### What to work on
All of the data should be restated word for word, with the pictures omitted.

### Information provided
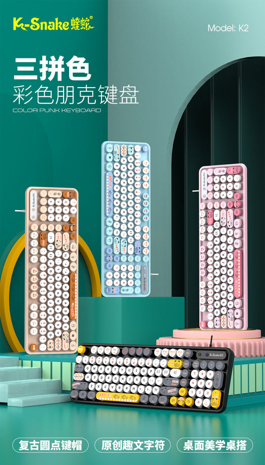 K-Snake K2 有線 USB 鍵鼠套裝,復古朋克風,適合女生,適用於臺式機、筆記本辦公
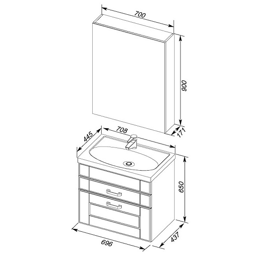 Тумба под раковину Рондо 70 белый (2 ящика)
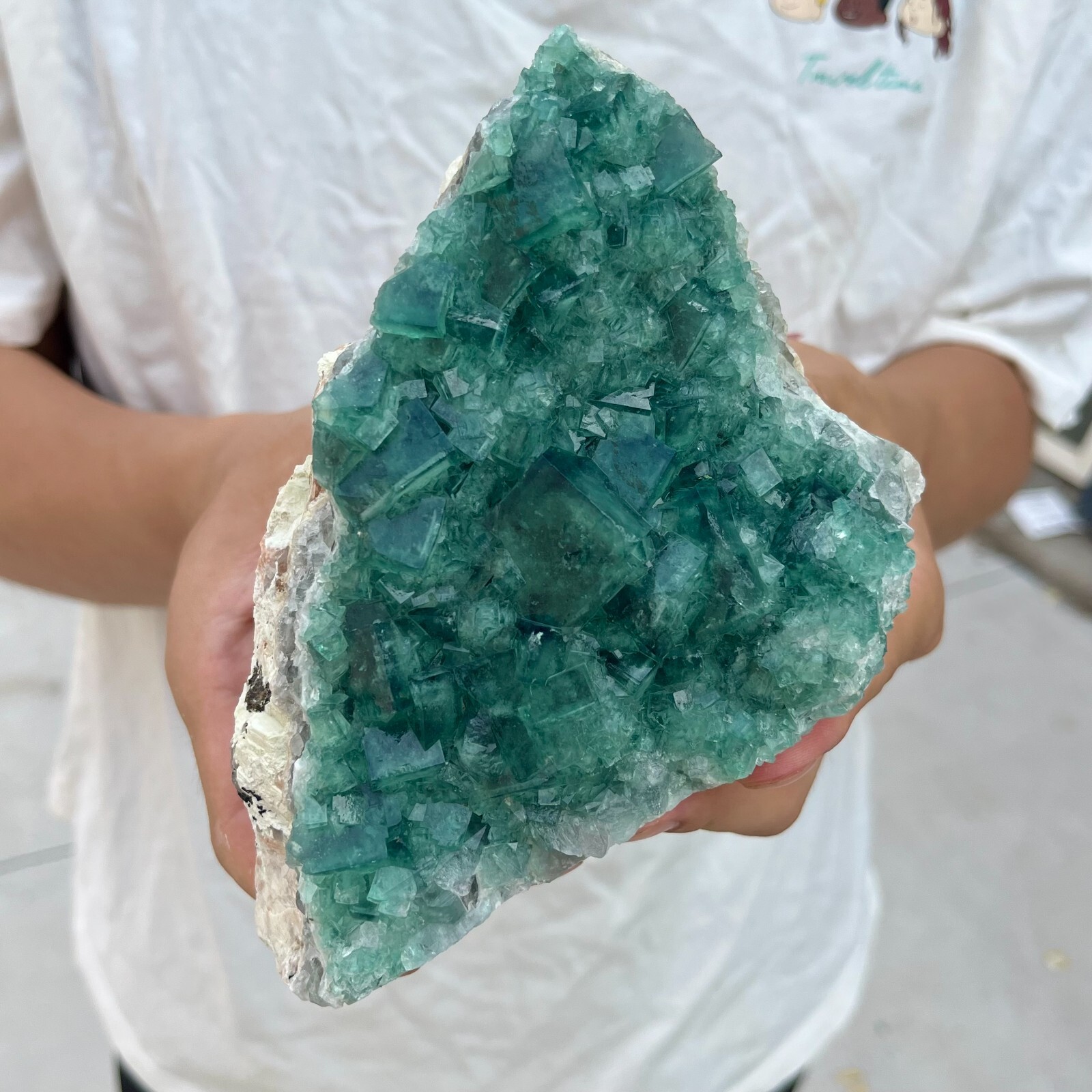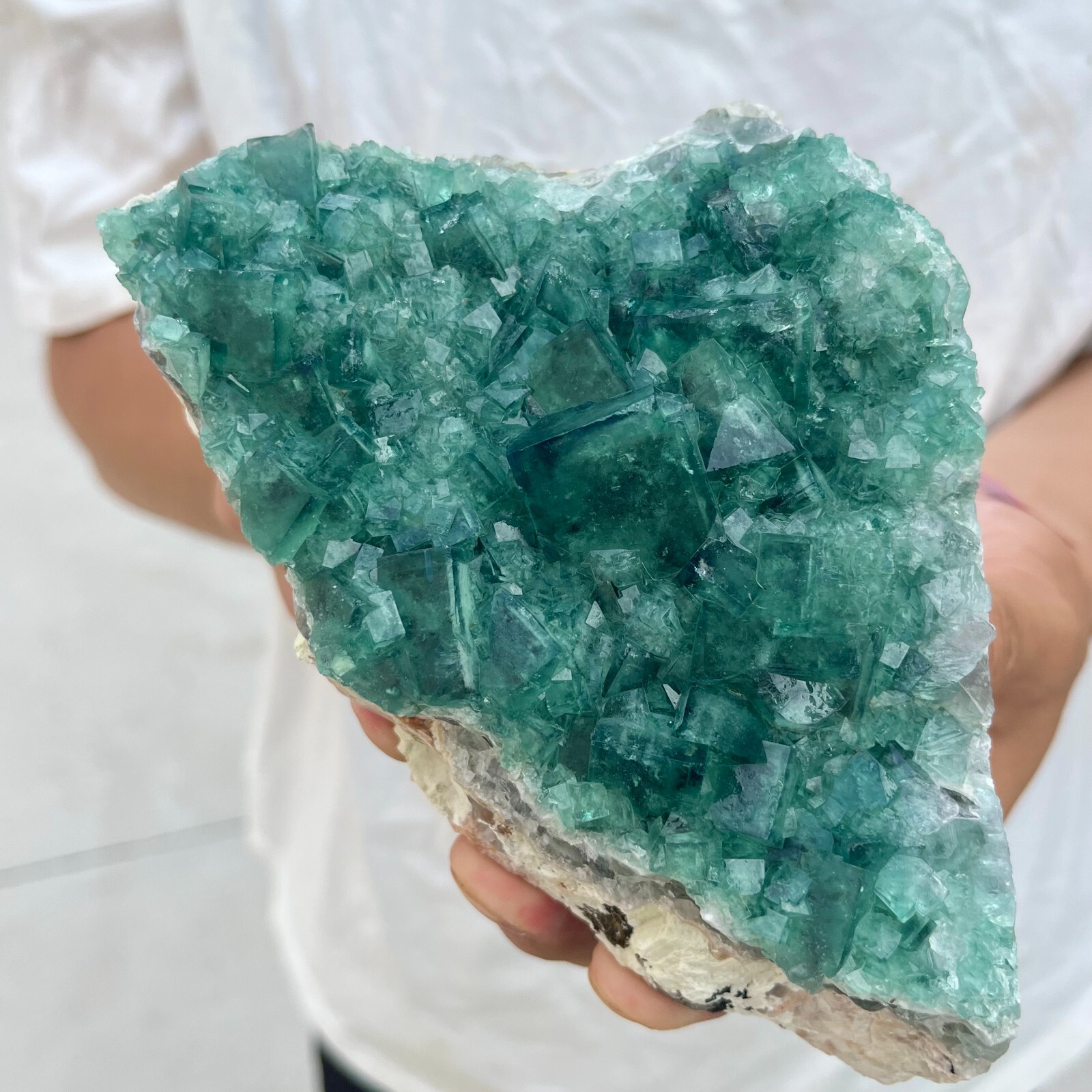 This stunning fluorite quartz cluster is absolutely mesmerizing! The vibrant green cubes have such a rich, natural depth of color, and the way they catch the light is breathtaking. At nearly 2lbs, it's a substantial piece with beautiful layering and texture. The seller's photos accurately show the details, though remember it's hand-held for scale. Perfect for collectors or crystal lovers—it feels even better in person than in pictures! Arrived safely packed and looks just as gorgeous as described. A truly unique find!
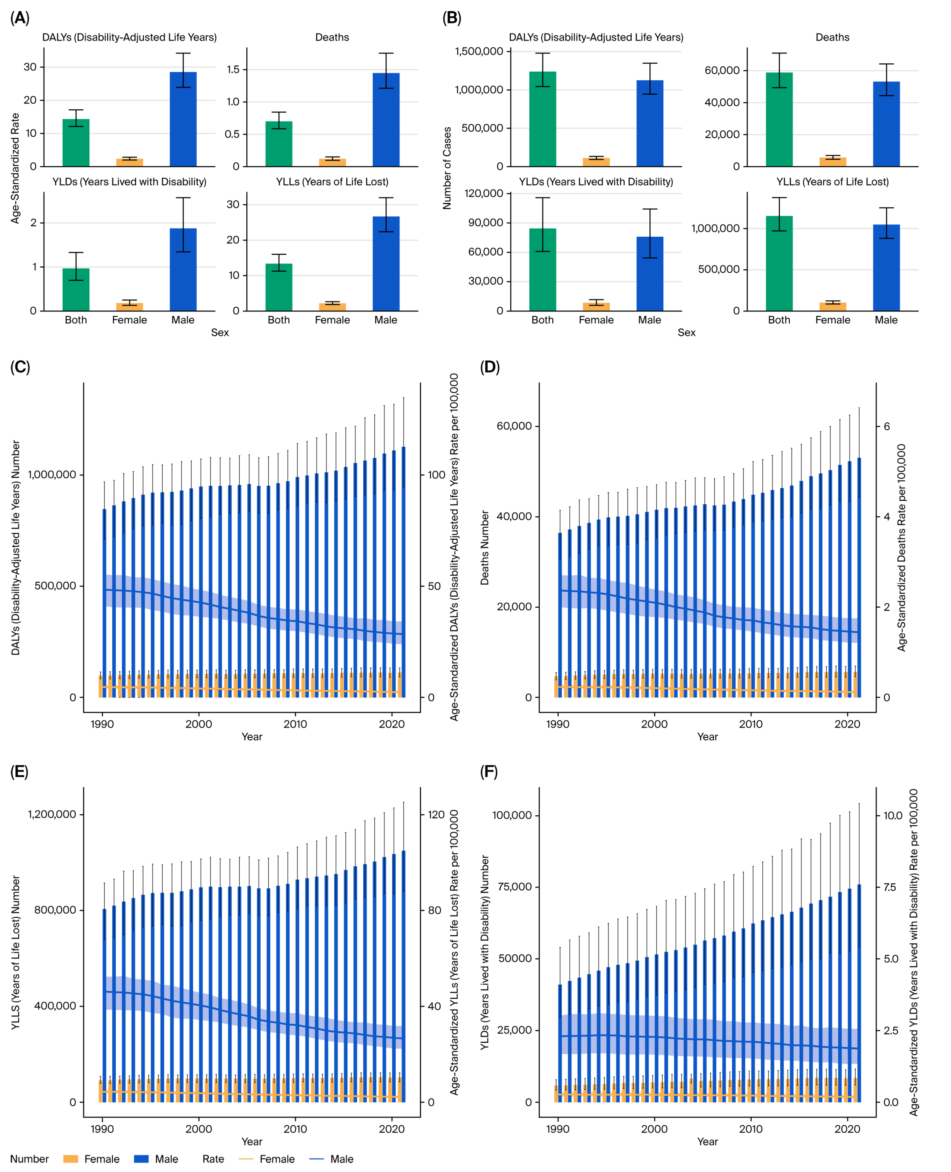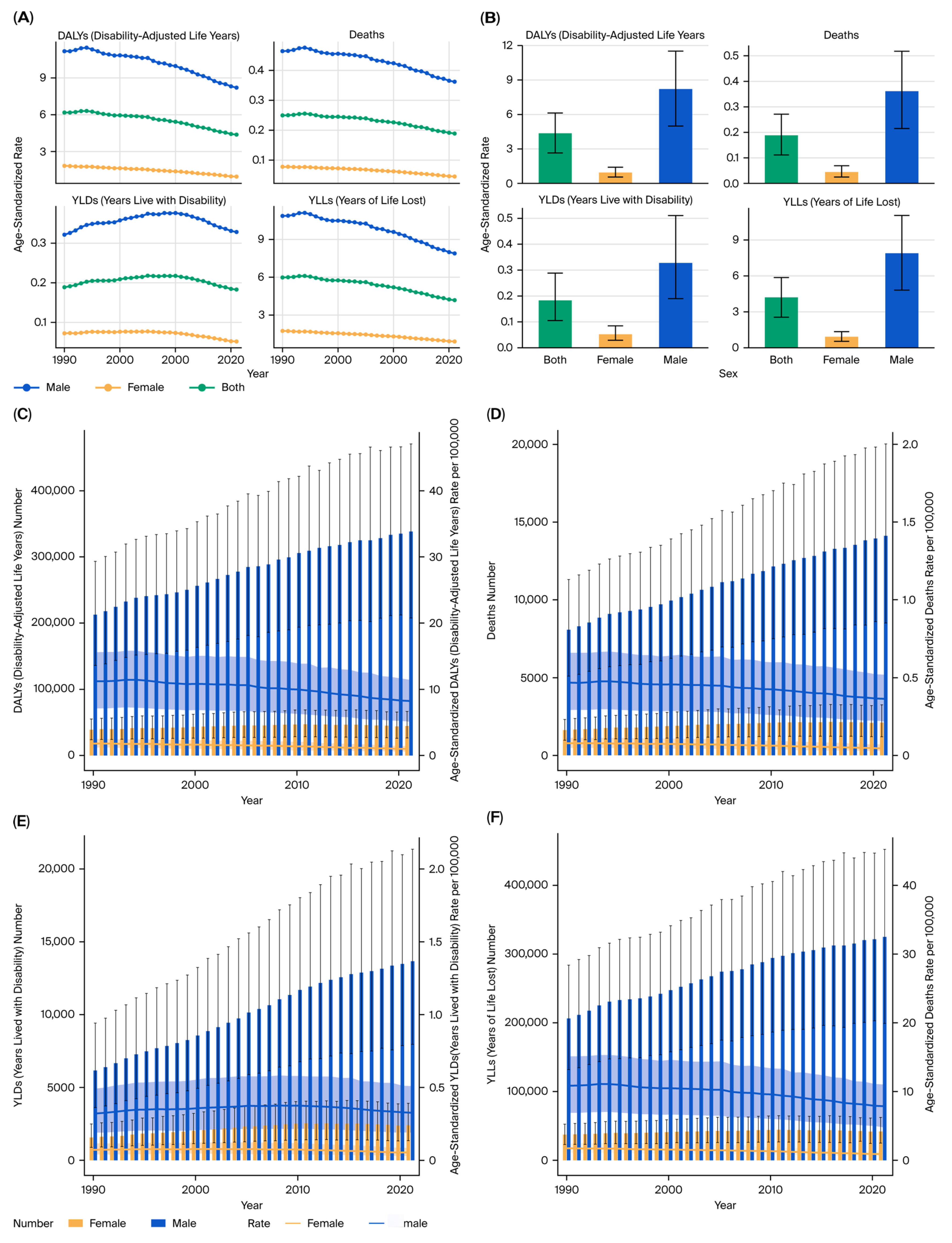 Figure 13. Sex-specific burden of bladder cancer due to tobacco smoke (2021). (A) Age-standardized DALY rate by sex. (B) Temporal DALY trend by sex. (C) Temporal deaths trend by sex. (D) Temporal YLLs by sex. (E) Temporal YLDs by sex. (F) Male-to-female burden ratio over time.

### Output of the task
 K-Snake K2 有線 USB 鍵鼠套裝,復古朋克風,適合女生,適用於臺式機、筆記本辦公
 Тумба под раковину Рондо 70 белый (2 ящика)
 This stunning fluorite quartz cluster is absolutely mesmerizing! The vibrant green cubes have such a rich, natural depth of color, and the way they catch the light is breathtaking. At nearly 2lbs, it's a substantial piece with beautiful layering and texture. The seller's photos accurately show the details, though remember it's hand-held for scale. Perfect for collectors or crystal lovers—it feels even better in person than in pictures! Arrived safely packed and looks just as gorgeous as described. A truly unique find!
 Figure 13. Sex-specific burden of bladder cancer due to tobacco smoke (2021). (A) Age-standardized DALY rate by sex. (B) Temporal DALY trend by sex. (C) Temporal deaths trend by sex. (D) Temporal YLLs by sex. (E) Temporal YLDs by sex. (F) Male-to-female burden ratio over time.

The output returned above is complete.